I dragged this across 9 columns and 512 (or 2^9) rows. I filtered for more than 5 or more "ones", and will sum the probability of each possible event.

I did some research and the best solution is through a Poisson Binomial Distribution. However, since excel doesn't have any formulas for this, and since my coding knowledge is weak, I went for the brute force approach.

Thanks for your help.

 

[Romsek]

This is the number I get

0.179708

 

[efoc]

This is the number I get

0.179708

Hmm - I got 0.29218. Did you use use (1-Px) for zeroes?

 

[Romsek]

Hmm - I got 0.29218. Did you use use (1-Px) for zeroes?

yeah.

 

[efoc]

yeah.

View attachment 23833

So I'm no expert on Mathematica (I've never used it). But I just ran this and despite some syntax issues I'm picking up that this is not calculating at least 5 out 9, and is only calculating for 5 out of 9 precisely.
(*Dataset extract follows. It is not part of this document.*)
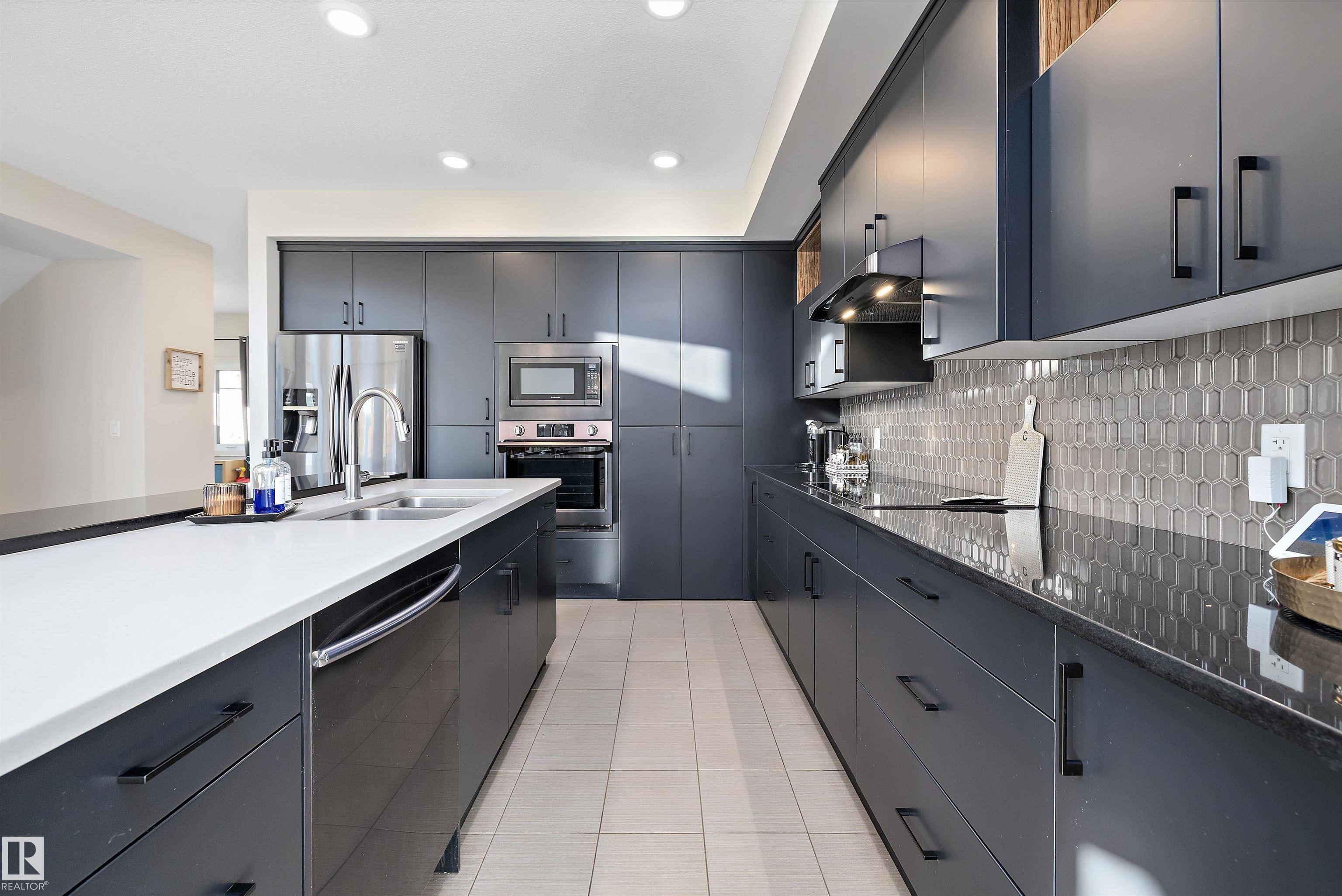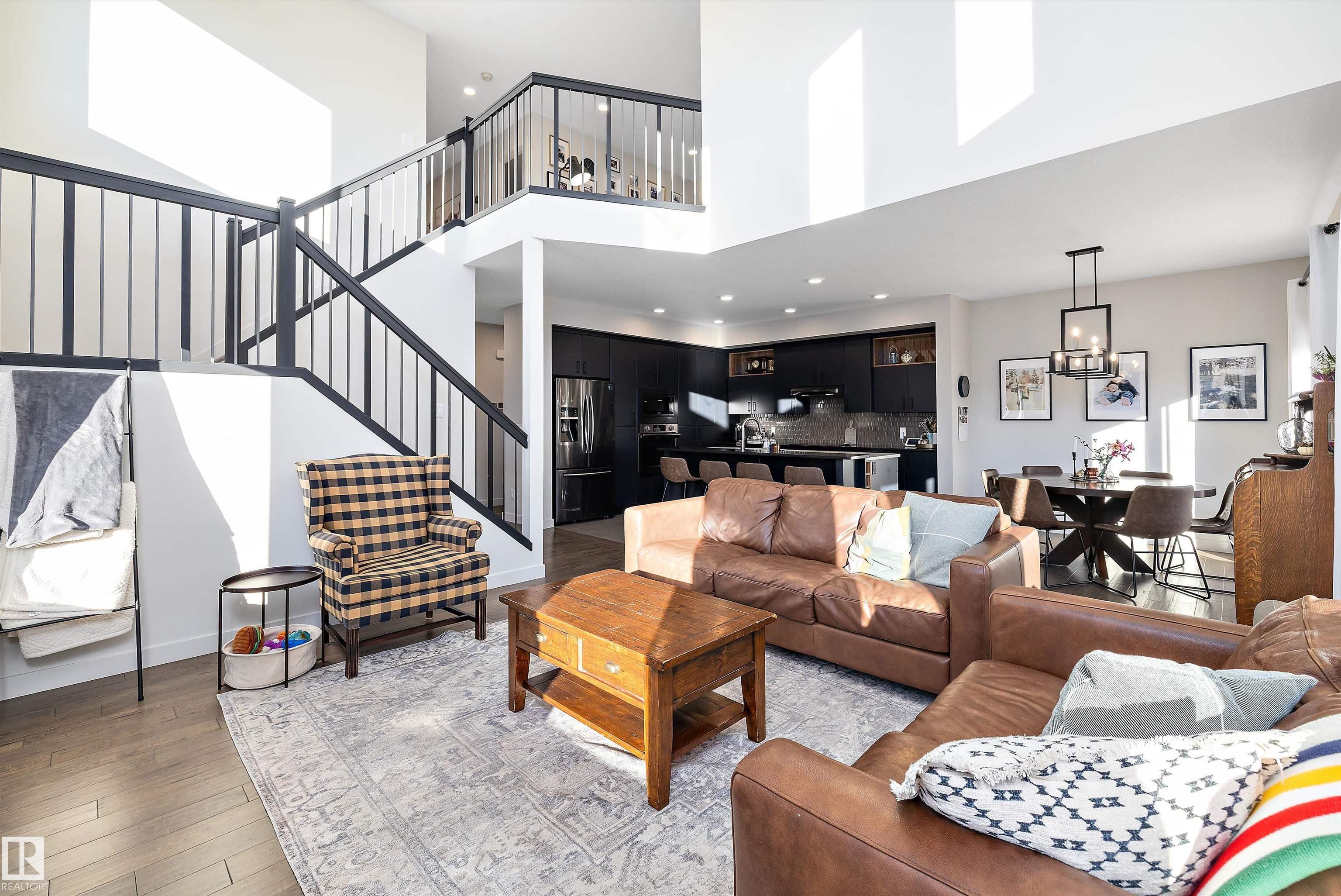 You will be impressed as soon as you drive up to this striking 2-story home boasting a stylish modern exterior profile with exposed aggregate concrete. The main floor opens to a bright den and convenient two-piece powder room off the garage mud room with built-in storage. A sleek modern kitchen with built-in appliances, including induction stove, flows into the dining area & stunning two-story great room with floor-to-ceiling windows and a cozy fireplace. The elegant stair…case leads to a spacious bonus room, 2 generous bdrms, UPSTAIRS LAUNDRY, a full bath, and a dreamy primary retreat with w/i closet and 5-piece ensuite. Being on a corner lot, this home offers an abundance of windows that fill the home with natural light. Complete with a double attached garage with epoxy flooring & a landscaped backyard. Offering A/C and gas outlet for Bbq. Located on the east side of Spruce Grove, just 15 min from Edmonton, & walking distance to Jubilee Park, this beautiful corner-lot home is ready for your family!

Am I wrong here?

I double checked my Matrix, and I don't have any duplicate scenarios, they all have at least 5 "True" and i have the appropriate 256 scenarios mapped.

 

[Steven G]

right, yes :

nCr = n! / r!(n-r)!

where n is 9 and r is 5.

If Pa = Pb = Pc = ... = Pi then the answer would be Pa^5 * (1-Pa)^4 * nCr.

My issue is in applying this combination formula where Pa =/= Pb

As you know, Pa = Pb = Pc = ... = Pi is not true. Literally pick 5 out of the 9, say a, c, d, g and h. What is the probability that you pick does exact 5? You need to do this with each way of picking 5 and in the end add up these results.

 

[Romsek]

So I'm no expert on Mathematica (I've never used it). But I just ran this and despite some syntax issues I'm picking up that this is not calculating at least 5 out 9, and is only calculating for 5 out of 9 precisely. Am I wrong here?

I double checked my Matrix, and I don't have any duplicate scenarios, they all have at least 5 "True" and i have the appropriate 256 scenarios mapped.

sigh... at least... bloody ****... righto let me fix it. Yep we get the same answer.

 

[Steven G]

Ouch you want at least 5. Possibly, based on Romsek's earlier post, he may have assumed exactly 5, not at least 5.

 

[efoc]

sigh... at least... bloody ****... righto let me fix it

No problem - I'm pretty confident in my answer here. This matrix isn't adaptable but I'm aiming to vary the variables through other inputs that I've modelled and determine the impact on the final outcome. Since I'm not changing the number of variables or the threshold of 5, this should work for me.

 

[Romsek]

No problem - I'm pretty confident in my answer here. This matrix isn't adaptable but I'm aiming to vary the variables through other inputs that I've modelled and determine the impact on the final outcome. Since I'm not changing the number of variables or the threshold of 5, this should work for me.

I updated my sheet and our answers agree.